-- Task to carry out --
Exactly reproduce the lines of the listing below from the one containing "패치안테나 (별매)를 장착하면" through the one containing "and CSCS as". Skip the images.

-- Entries supplied --
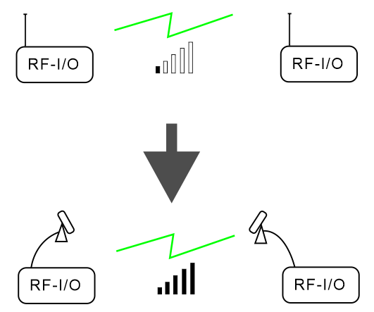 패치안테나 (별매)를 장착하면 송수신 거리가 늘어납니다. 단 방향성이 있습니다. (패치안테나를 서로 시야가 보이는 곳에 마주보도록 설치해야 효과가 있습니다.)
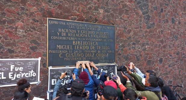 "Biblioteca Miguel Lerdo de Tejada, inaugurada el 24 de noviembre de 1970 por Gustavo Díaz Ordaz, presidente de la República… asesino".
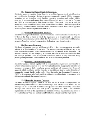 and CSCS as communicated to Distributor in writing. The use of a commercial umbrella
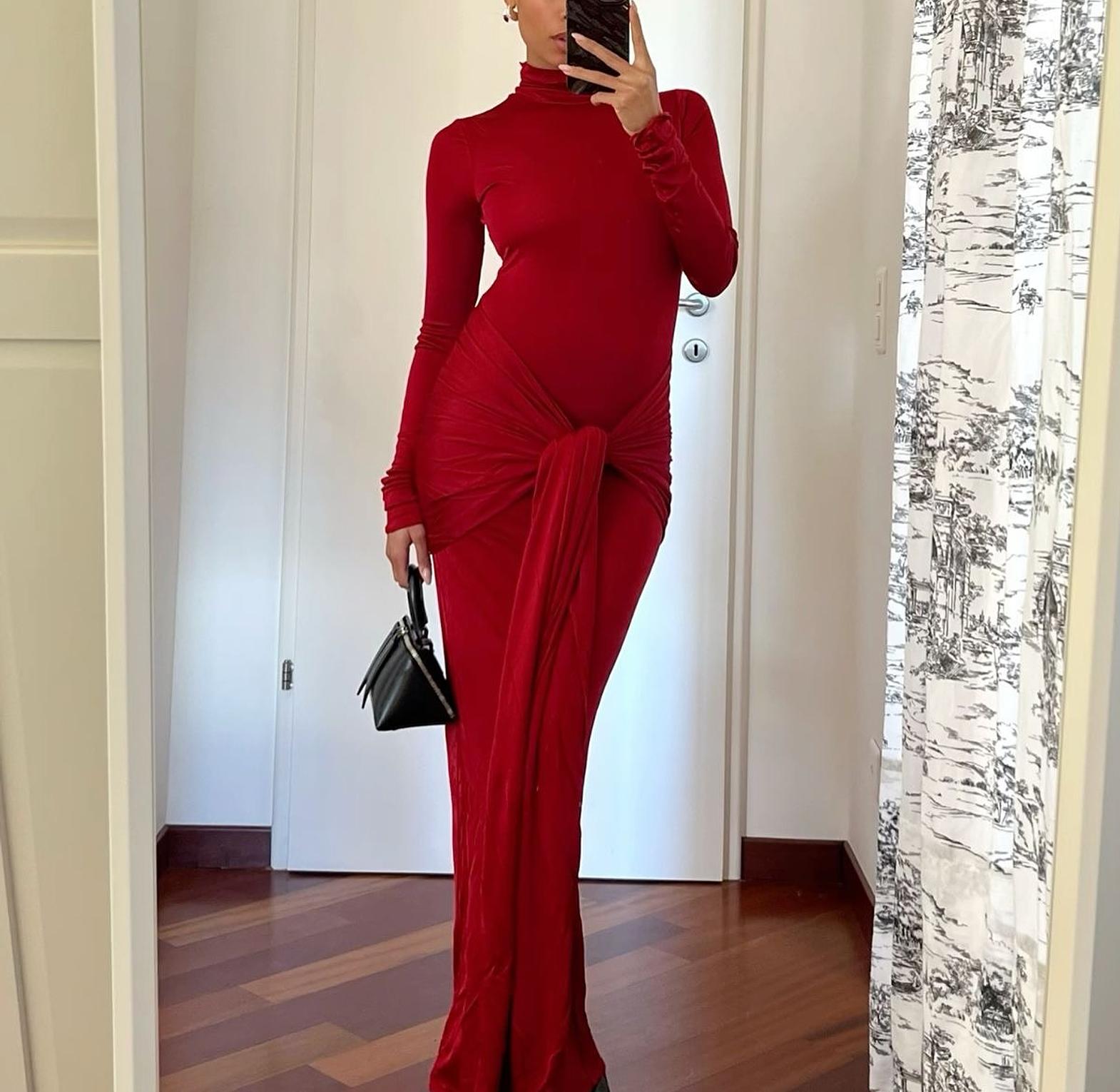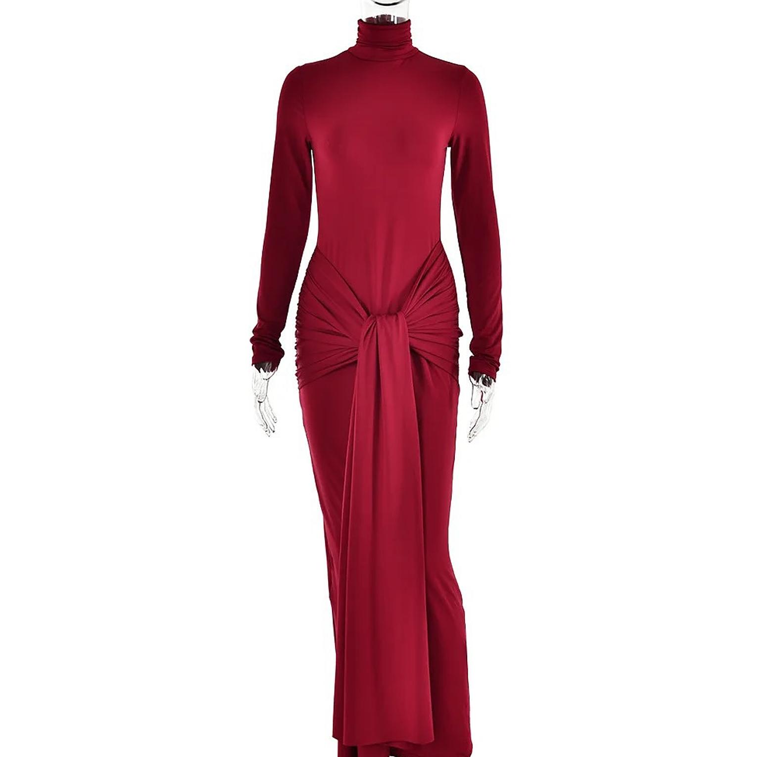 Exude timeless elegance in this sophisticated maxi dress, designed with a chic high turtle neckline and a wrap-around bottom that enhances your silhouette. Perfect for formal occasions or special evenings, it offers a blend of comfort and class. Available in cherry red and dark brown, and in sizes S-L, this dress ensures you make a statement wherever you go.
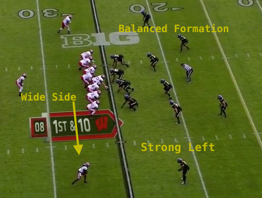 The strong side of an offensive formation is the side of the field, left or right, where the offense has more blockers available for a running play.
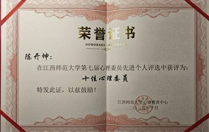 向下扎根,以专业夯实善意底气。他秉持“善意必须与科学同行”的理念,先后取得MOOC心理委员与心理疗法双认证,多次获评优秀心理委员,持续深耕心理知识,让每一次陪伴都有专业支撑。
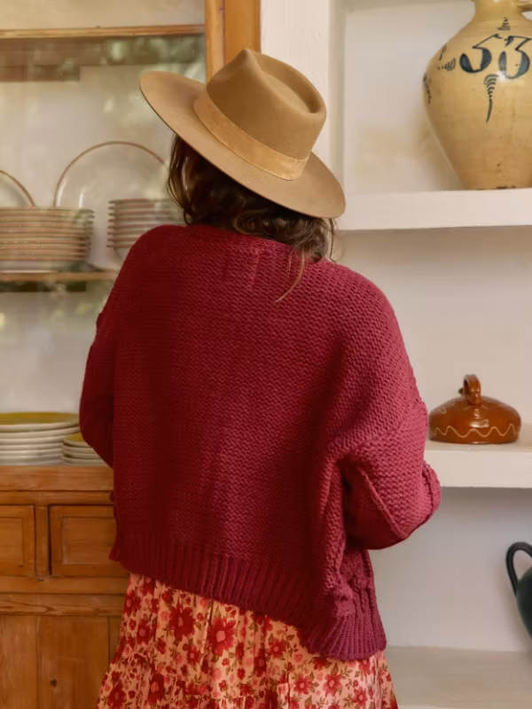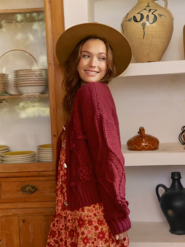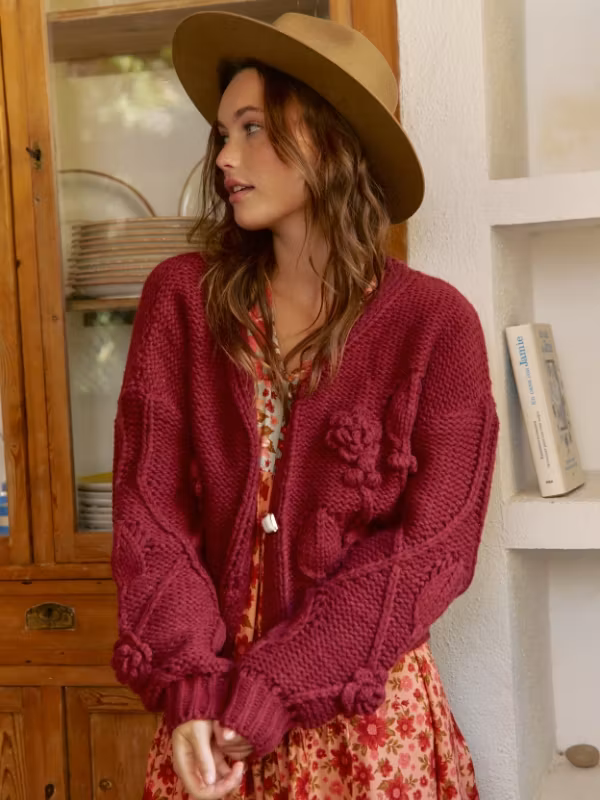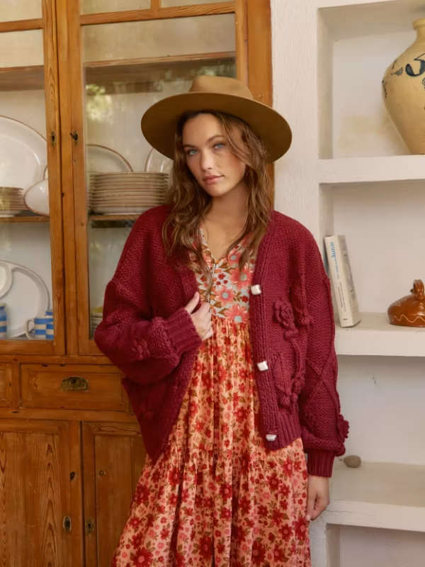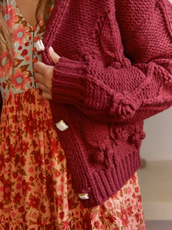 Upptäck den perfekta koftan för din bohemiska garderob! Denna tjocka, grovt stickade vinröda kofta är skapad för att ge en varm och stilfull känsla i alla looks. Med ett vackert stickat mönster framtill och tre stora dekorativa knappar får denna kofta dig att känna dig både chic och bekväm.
--
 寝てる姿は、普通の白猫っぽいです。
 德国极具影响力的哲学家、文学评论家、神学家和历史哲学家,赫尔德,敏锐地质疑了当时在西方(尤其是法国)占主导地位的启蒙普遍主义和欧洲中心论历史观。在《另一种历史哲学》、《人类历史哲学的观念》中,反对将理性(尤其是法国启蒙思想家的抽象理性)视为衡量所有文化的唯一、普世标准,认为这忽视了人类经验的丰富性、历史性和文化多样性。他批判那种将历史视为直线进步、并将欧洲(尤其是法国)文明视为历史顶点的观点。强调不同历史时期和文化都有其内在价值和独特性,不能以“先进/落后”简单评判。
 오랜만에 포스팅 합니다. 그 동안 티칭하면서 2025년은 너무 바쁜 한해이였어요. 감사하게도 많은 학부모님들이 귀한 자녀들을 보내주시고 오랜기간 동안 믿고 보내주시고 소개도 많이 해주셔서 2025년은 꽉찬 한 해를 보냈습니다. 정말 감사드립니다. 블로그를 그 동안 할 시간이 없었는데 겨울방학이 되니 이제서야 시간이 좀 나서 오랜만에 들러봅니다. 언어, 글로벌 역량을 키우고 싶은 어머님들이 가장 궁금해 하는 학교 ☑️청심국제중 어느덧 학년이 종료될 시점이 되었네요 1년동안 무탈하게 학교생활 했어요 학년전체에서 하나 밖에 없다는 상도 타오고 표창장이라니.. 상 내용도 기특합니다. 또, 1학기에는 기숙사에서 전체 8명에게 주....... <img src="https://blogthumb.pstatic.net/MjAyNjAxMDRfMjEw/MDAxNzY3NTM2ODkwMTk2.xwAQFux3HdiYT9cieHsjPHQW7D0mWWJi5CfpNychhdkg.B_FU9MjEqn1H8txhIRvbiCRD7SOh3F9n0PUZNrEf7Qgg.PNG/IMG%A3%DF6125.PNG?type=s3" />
...
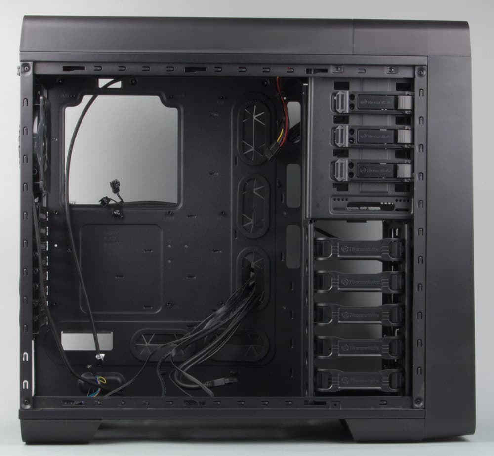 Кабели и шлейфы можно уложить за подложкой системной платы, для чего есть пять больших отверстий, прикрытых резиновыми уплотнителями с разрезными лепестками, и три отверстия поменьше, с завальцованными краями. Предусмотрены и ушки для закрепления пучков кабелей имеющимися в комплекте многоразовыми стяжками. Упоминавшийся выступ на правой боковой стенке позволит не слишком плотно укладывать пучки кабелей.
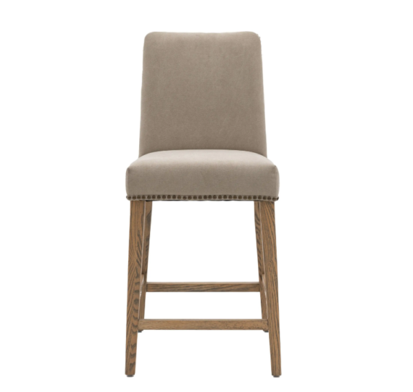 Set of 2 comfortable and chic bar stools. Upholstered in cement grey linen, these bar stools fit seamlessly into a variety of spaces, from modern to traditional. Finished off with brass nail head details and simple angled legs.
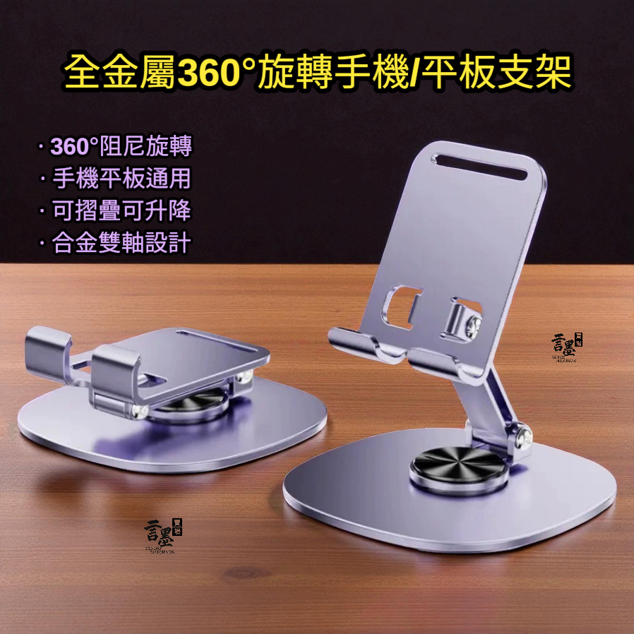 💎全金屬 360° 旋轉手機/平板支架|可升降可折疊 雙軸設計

-- Result of the exercise --
 패치안테나 (별매)를 장착하면 송수신 거리가 늘어납니다. 단 방향성이 있습니다. (패치안테나를 서로 시야가 보이는 곳에 마주보도록 설치해야 효과가 있습니다.)
 "Biblioteca Miguel Lerdo de Tejada, inaugurada el 24 de noviembre de 1970 por Gustavo Díaz Ordaz, presidente de la República… asesino".
 and CSCS as communicated to Distributor in writing. The use of a commercial umbrella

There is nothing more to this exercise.